**The task:** Below are entries. Give back exactly the lines from the one containing "H dot Hirwa" through the one containing "2025新款15cm超大爱心蝴蝶结高级甜美鲨鱼发夹后脑勺抓夹大号", inclusive, without the pictures.

**Records provided:**
* * * * *

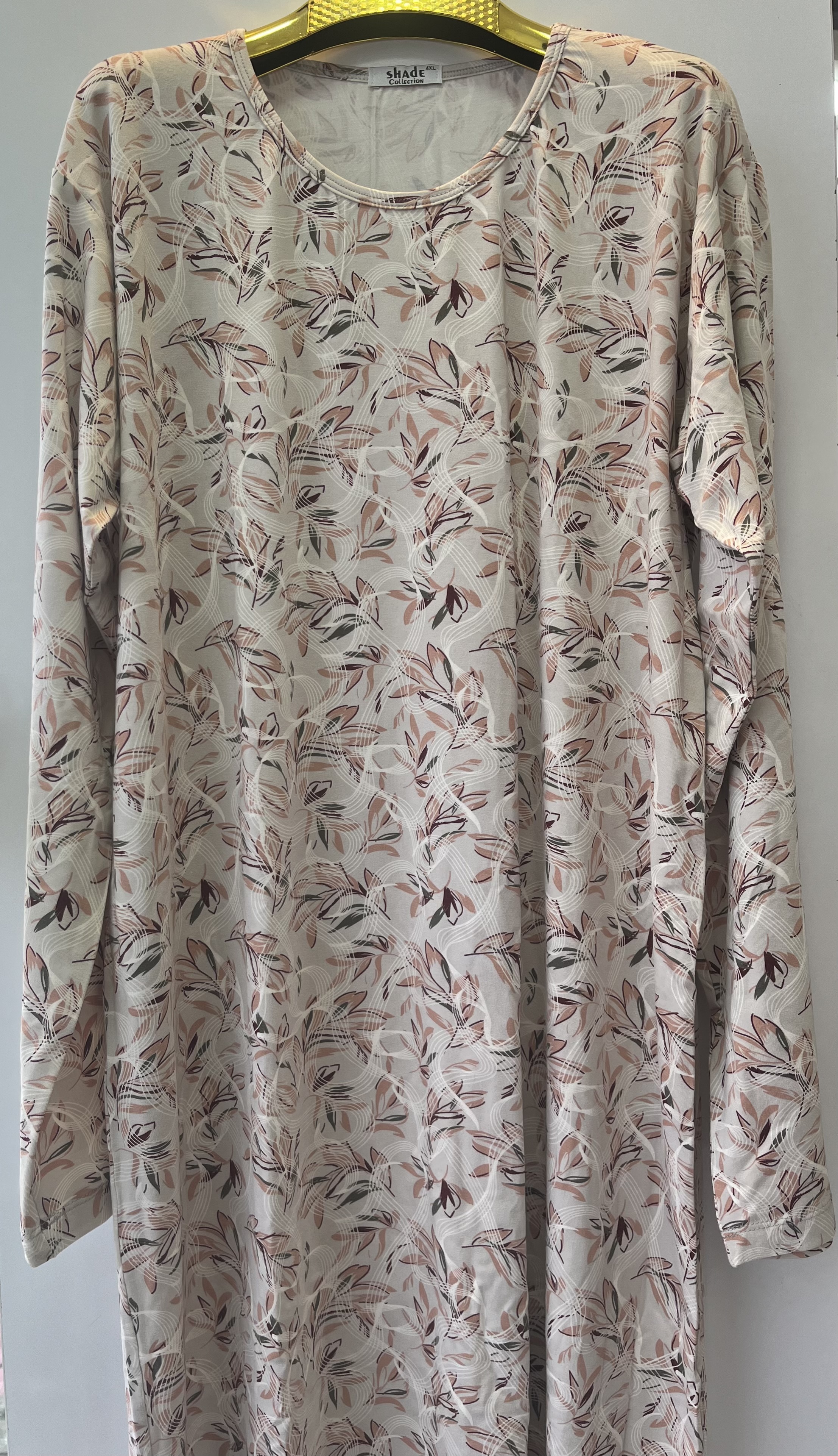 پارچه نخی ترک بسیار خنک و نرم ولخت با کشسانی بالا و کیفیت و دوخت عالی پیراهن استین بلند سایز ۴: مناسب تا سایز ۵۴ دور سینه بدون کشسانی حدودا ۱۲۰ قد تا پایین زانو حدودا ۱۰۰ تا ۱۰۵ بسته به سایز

* * * * *

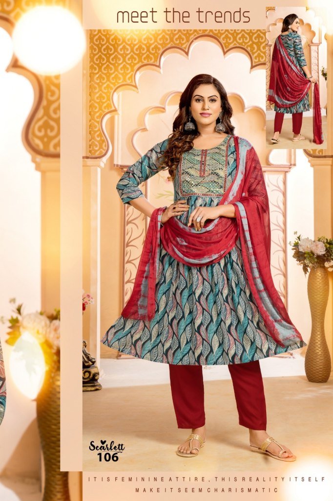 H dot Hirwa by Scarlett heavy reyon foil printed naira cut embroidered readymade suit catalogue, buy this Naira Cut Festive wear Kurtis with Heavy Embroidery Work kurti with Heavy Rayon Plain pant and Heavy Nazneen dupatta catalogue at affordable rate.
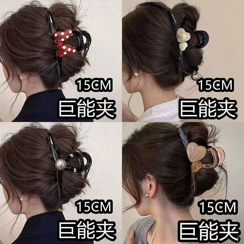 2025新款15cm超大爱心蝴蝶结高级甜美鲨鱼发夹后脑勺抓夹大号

* * * * *

**Finished exercise:**
 H dot Hirwa by Scarlett heavy reyon foil printed naira cut embroidered readymade suit catalogue, buy this Naira Cut Festive wear Kurtis with Heavy Embroidery Work kurti with Heavy Rayon Plain pant and Heavy Nazneen dupatta catalogue at affordable rate.
 2025新款15cm超大爱心蝴蝶结高级甜美鲨鱼发夹后脑勺抓夹大号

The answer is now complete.